Grüß Gott beinand und herzlich willkommen im Berchtesgadener Bauerntheater

Die Direktorin Elisabeth Hölzl-Michalsky Als ich vor 40Jahren in dem Lustspiel ,,Der Hausfreund" zum erstenmal auf der Bühne dieses Theaters stand, konnte ich beim besten Willen nicht ahnen, dass ich einmal dessen Direktorin sein würde. Und obwohl ich eigentlich mehr durch einen Zufall zur Schauspielerei gekommen bin, noch dazu gegen den Willen meines Vaters (,,Schauspielerin!? So etwas wirst Du nicht!" - Ich bin es trotzdem geworden) bin ich nicht mehr davon losgekommen. So soll es ja oft im Leben sein.

Wenn das Bauerntheater in früherer Zeit mehr oder weniger das Abbild der bäuerlichen Wirklichkeit war; so wissen wir alle, dass es die dargestellten Verhältnisse heute nicht mehr gibt. Ohne große Zugeständnisse an die moderne Zeit möchte ich auf der Bauernbühne ,,nostalgisches" Theater mit allen Konsequenzen spielen. Denn nur wenn die Stücke zeitgerecht in Kostüm, Ausstattung, Sprache und eingebundenem Brauchtum reingehalten werden, bleibt die Glaubwürdigkeit und damit der Bestand des Bauerntheaters erhalten, geht das Publikum trotz ,,Pantoffelkino" in sein Theater. Und oft überkommt mich in den Vorstellungen das Gefühl, dass die Menschen nicht nur ins Bauerntheater gehen, weil sie sich unterhalten lassen wollen, sondern auch, weil sie dort ein Stück Lebensweisheit und bei aller Übertreibung eine Welt vorfinden, der unser heutiges Leben so gar nicht entspricht und die sie wohl gerade deswegen so gut verstehen können. Ich glaube, das ist auch der Grund, warum eine echte Verbindung von Bühne und Publikum zustande kommt.

Den Bayern, so sagt man, liegt das darstellerische Talent und ein Hang zum Theatralischen im Blut. Die Direktheit der bajuwarischen Ausdrucksweise, gepaart mit einem schlagkräftigen Mutterwitz, einer gehörigen Portion Bauernschläue und nicht zuletzt die einmalige Gabe, sich selbst und andere auf den Arm zu nehmen - all das sind hervorstechende Merkmale der Bayern.
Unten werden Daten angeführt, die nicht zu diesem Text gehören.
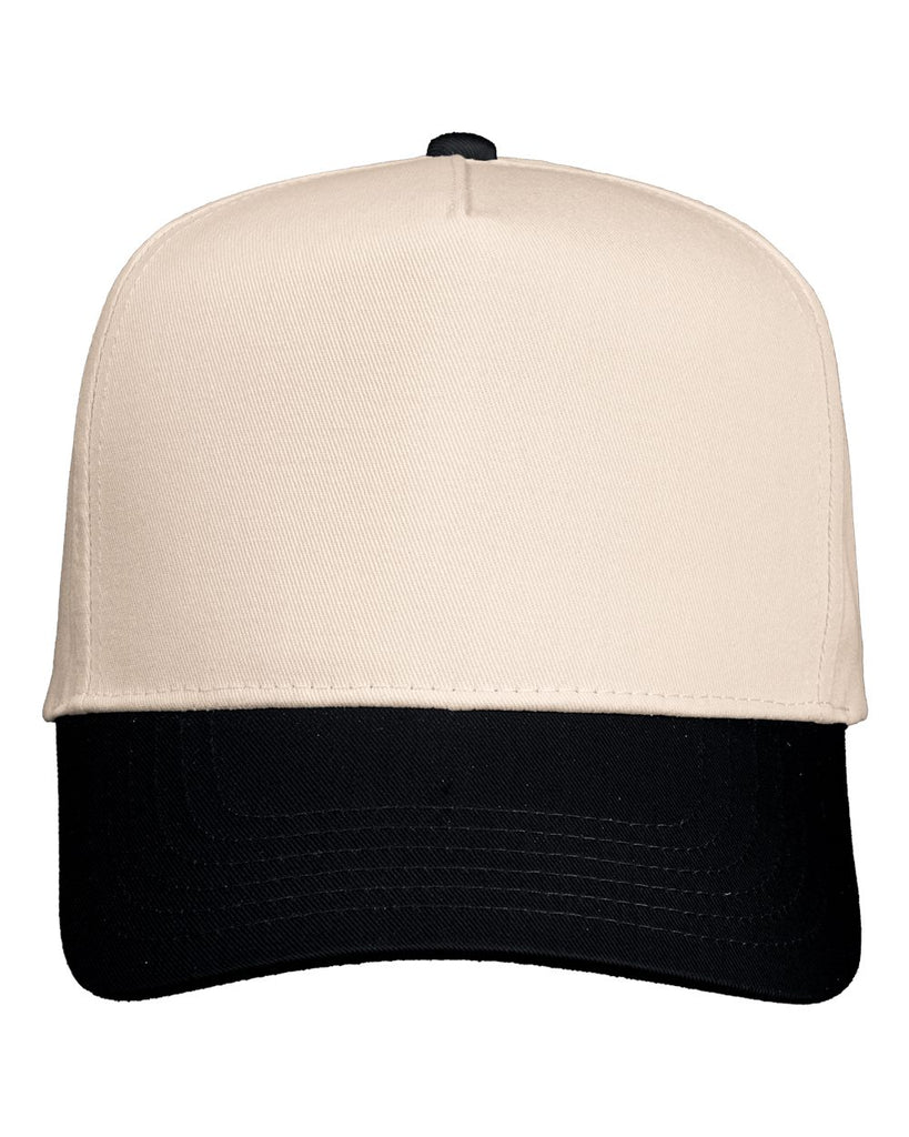 K Frame 5 Panel Twill Snapback - Khaki/ Black - Bulk-Caps Wholesale Headwear
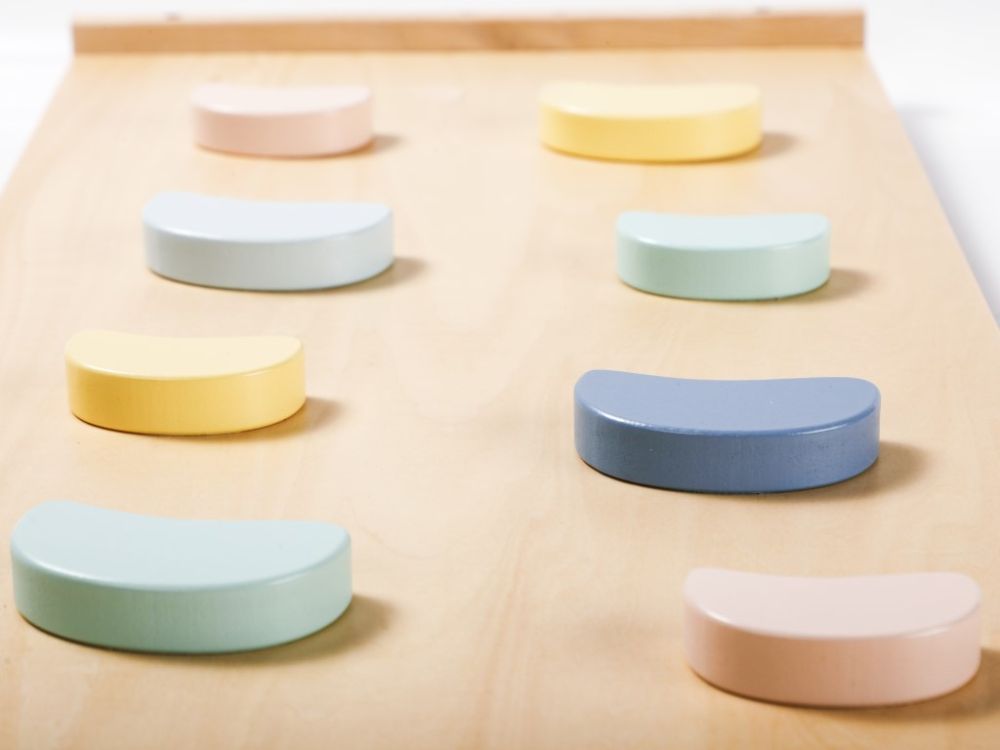 Leagan Montessori din lemn PRO 5 in 1 cu placa 2 in 1 – Pastel
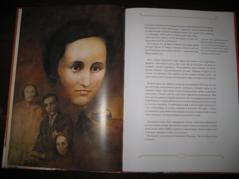 Еще по поводу одного места у нас разгорелся нешуточный спор: "Мать любила Агнес, именно она предложила дочери стать монахиней, чтобы нести свет мира людям. Мама сказала, чтобы девочка не беспокоилась о семье. Не каждая сможет самоотверженно любить Бога, чувствовать, что церковь - это дом, а все люди - родные. После такого благословения девушка покинула отчий, мирской дом".
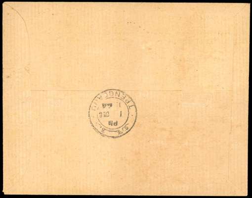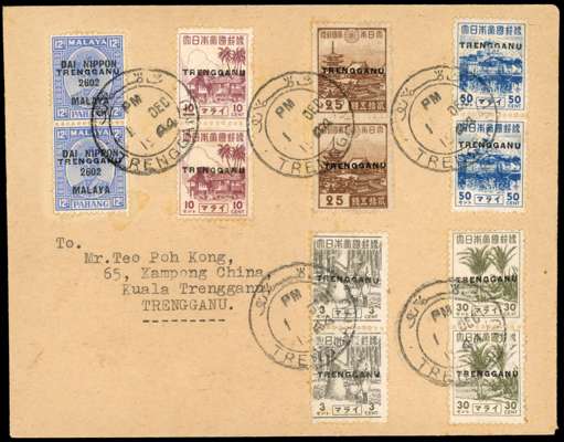 1944 (1 DEC) locally addressed cover bearing six vertical pairs, cancelled by five strikes of Kuala Trengganu CDS, the earliest known date. The stamps are Pahang 12c, Pictorial 3c, 10c, 30c and 50c and Japan 25s. A great rarity, with just ten known used examples of the 10c, and around thirty of the 50c. A little toning. SG TT4, 21, 24, 26-7, 33, catalogued £6500 as stamps
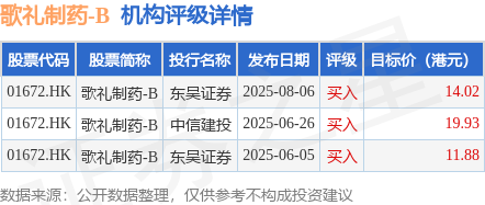 截至2025年8月15日收盘,歌礼制药-B(01672.HK)报收于17.74港元,上涨13.72%,成交量1279.01万股,成交额2.2亿港元。投行对该股的评级以买入为主,近90天内共有3家投行给出买入评级,近90天的目标均价为15.28港元。东吴证券最新一份研报给予歌礼制药-B买入评级,目标价14.02港元。
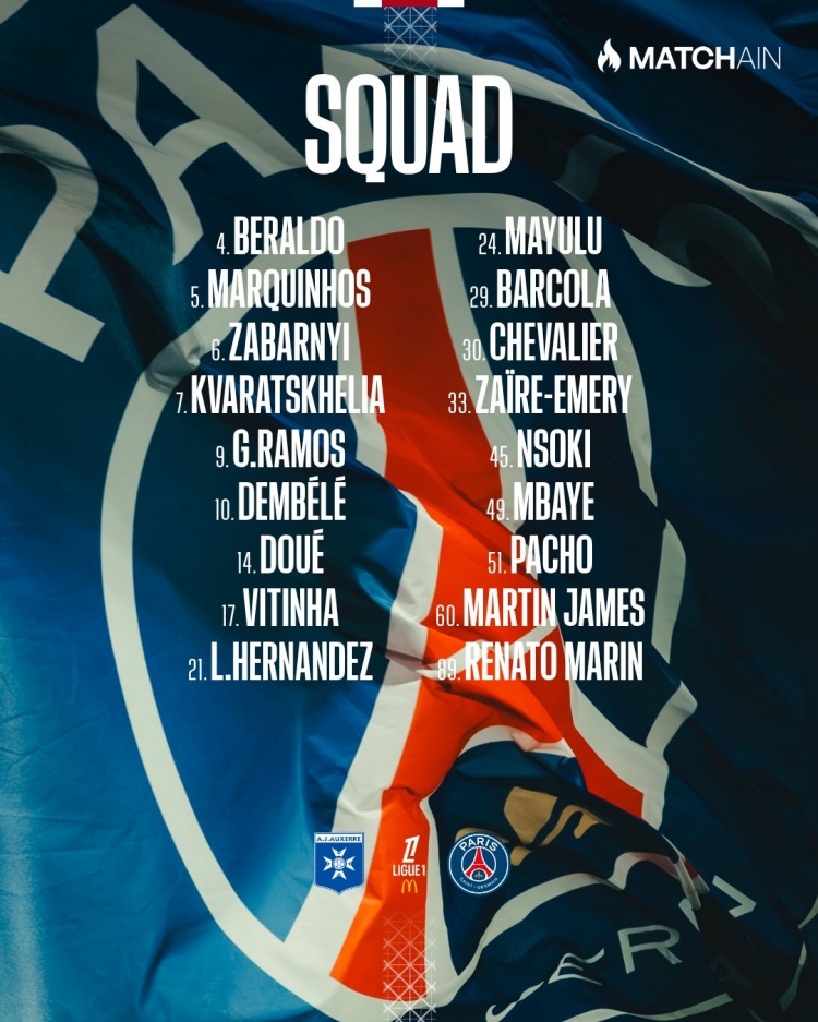 前锋:7-克瓦拉茨赫利亚、 9-贡萨洛·拉莫斯、10-登贝莱、14-杜埃、29-巴尔科拉、49-姆巴耶
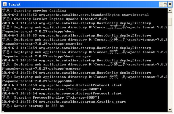 下载Tomcat 解压到其中一个盘符下后,进入 apache-tomcat-7.0.29 根目录下找到 bin 文件中此执行文件 windows:“startup.bat”(linux:“startup.sh”),运行期间将出现如 图 2所示的命令提示符窗口。
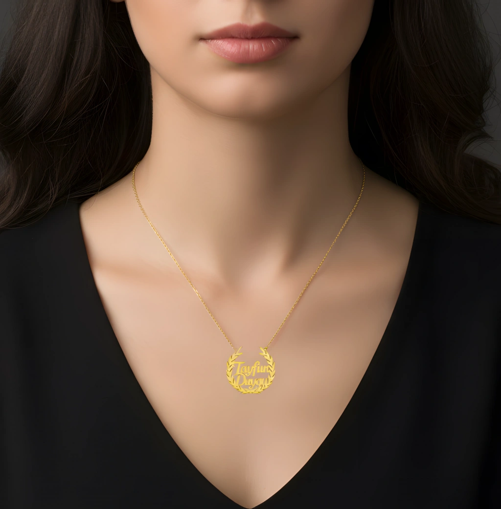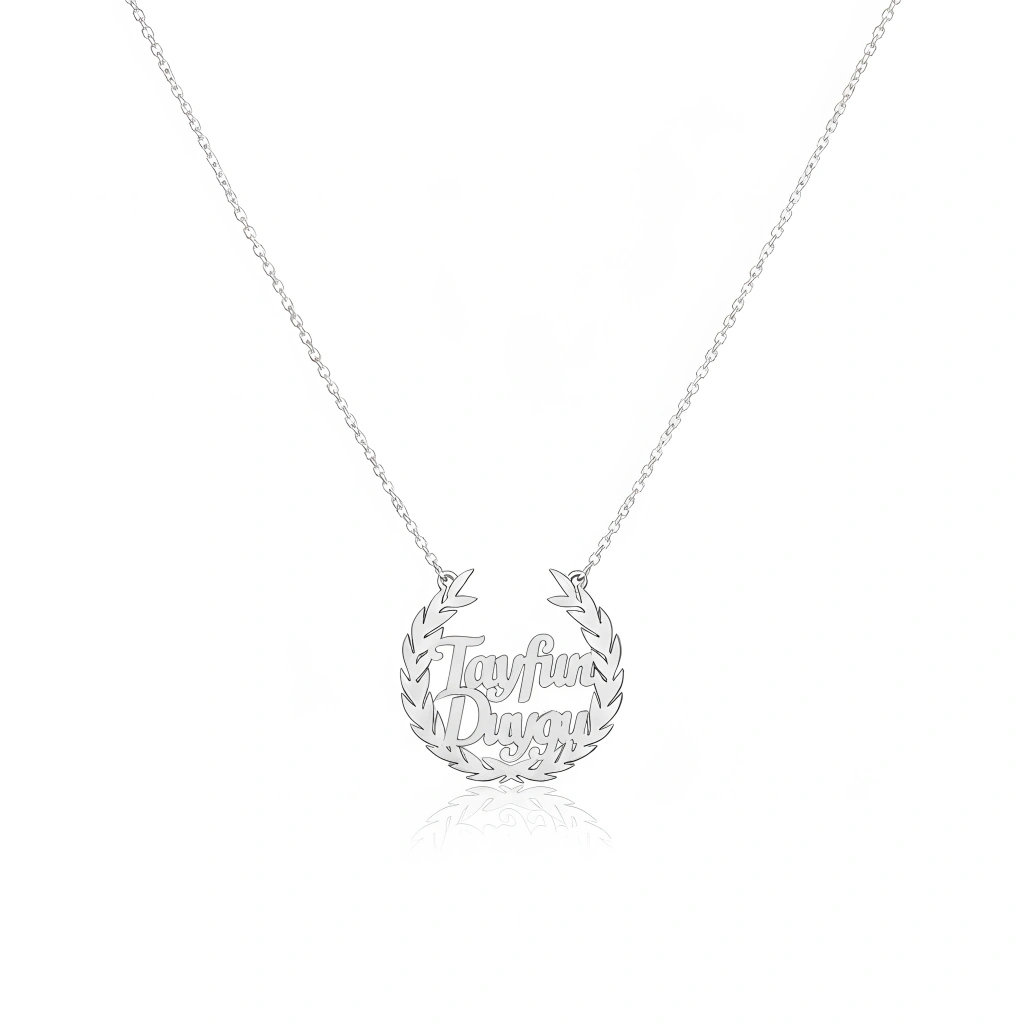 Ürün Açıklaması: Zaferin ve sonsuzluğun sembolü olan defne yaprakları içinde, sevdiklerinizin isimlerini taşıyın! ✨ Bu özel gümüş kolye, narin defne çelengi tasarımıyla zarafeti ve kişiselleştirmeyi bir araya getiriyor. "Tayfun" ve "Duygu" gibi anlamlı isimlerinizi bu eşsiz tasarımda ölümsüzleştirin.
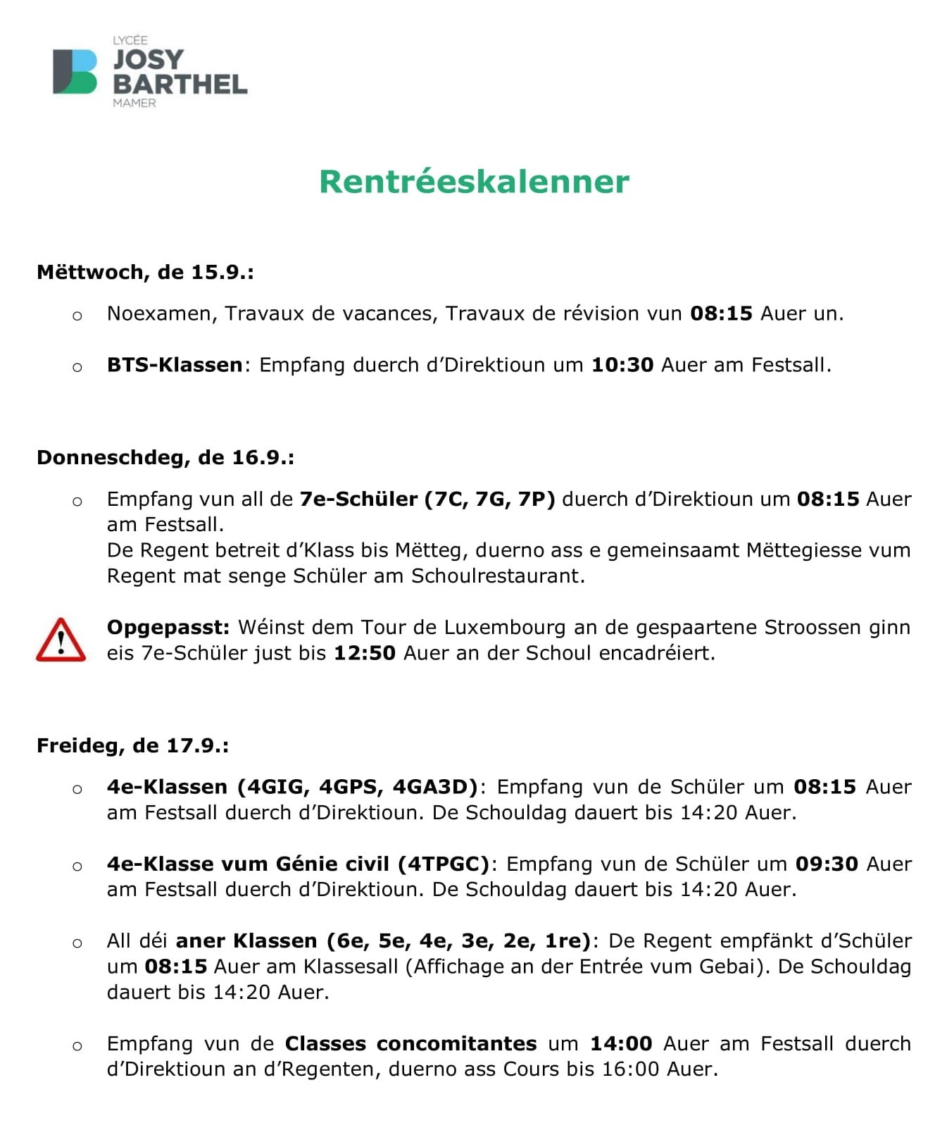 Et ass endlech souwäit! 🥳 Nodeems gëschter eis 7e-Schüler hier nei Schoul entdecke konnten, sinn haut och all eis aner Schüler nees zréck an eis Säll sinn nees all mat Liewe gefëllt. 🤩 Mir freeën eis iech all erëm bei …

Sollten Sie, lieber Gast, ein anderes Bild von den Bayern haben, als wir es darstellen, etwa in der Art der Grußkarten vom Oktoberfest: vergessen Sie es! Wir wollen nicht derb sein, krachat", laut, wo es nicht notwendig ist. Wir brauchen keine Bayern zu mimen, wir sind Bayern, mit der größten Selbstverständlichkeit und bis ins Mark.

Was ist eine größere Kunst: lachende Menschen zum Weinen zu bringen oder weinende Menschen zum Lachen? ... Ich freute mich schon immer und freue mich noch heute über lachende Menschen und kann mir nicht vorstellen, dass sich daran irgendwann etwas ändert.